I live in the Midwest in a small town where the county name is literally "Clay County," so it's by no surprise that the soil here has clay in it (a rough estimate might be 20% clay but the soil survey indicated something about "Muren silt loam, 2 to 6 percent slopes, eroded"--it also indicated a 12"-24" depth to the water table but understand that the survey I was looking at applied to the entire county--not my specific lot--so either it's overly general or else I'm an idiot. I mean, I do think I have a high water table but 1-2 feet? That's a little extreme, even considering my wet basement.

Anyway, I own the mortgage to a home that I closed on as a renter after my landlord decided to sell it to me after being diagnosed with cancer that he later passed away from.
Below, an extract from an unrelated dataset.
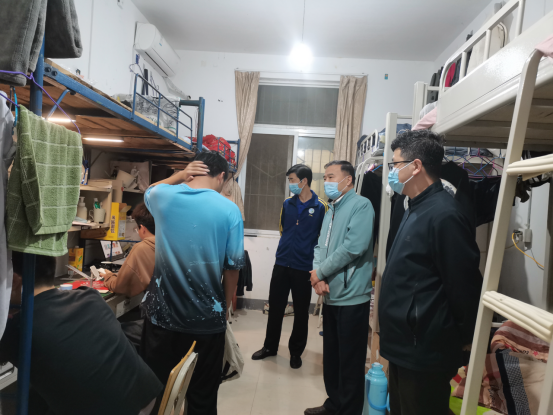 走访中,赵广杰一行来到8号公寓楼,与同学们进行了亲切交流。他询问了封闭管理期间员工的线上学习情况和生活需要,并叮嘱宿舍长做好模范带头作用,减少聚集,注意宿舍通风,关注气候变化,适时增减衣物,加强体育锻炼,做好日常防护。

Me being a naive twenty-something at the time, I didn't realize a leaky basement could be one of the most expensive repairs you can have as a home owner. At the time of renting, the basement didn't even have a working sump pump and the outbound line that was connected to it was a rusty 1.25" galvanized water pipe. Gotta love old homes... I was lucky that the basement only flooded once during my entire time of living here but as soon as I closed on the sale, I replaced the broken pump with a $500.xx metal solid-grinding pump (I've had it now for about 8 years I believe, and it's been a beast). I also got with a local excavator contractor to replace the 1.25" rust tube with a good 2" PVC line that's connected to the city rainwater drain line. That helped things alot.

This basement was dug-out after the home was built back in the 50s (to my understanding). The walls were initially retention walls with original home footers sitting behind about 1-2 feet of earth for support. As if that wasn't enough of an issue, these "walls" were built with old ceramic (rigid) blocks with horizontal voids. Each time it would rain, water would come in like a hot knife going through butter. The heavy rains were damn near terrifying for me (especially for me being a new howe owner).

Here's what the orginal basement looked like after a 2"+ rain amount within 3 hours with the old walls:


As you can imagine, I didn't want to keep going through that... I'm still getting over that one. Ha. But after understanding the concept of bowing walls (2 of which existed in that original construction), I set out to replace 2 entire sides of the basement with a local contractor as the 2 sides leaked the most and had the bows.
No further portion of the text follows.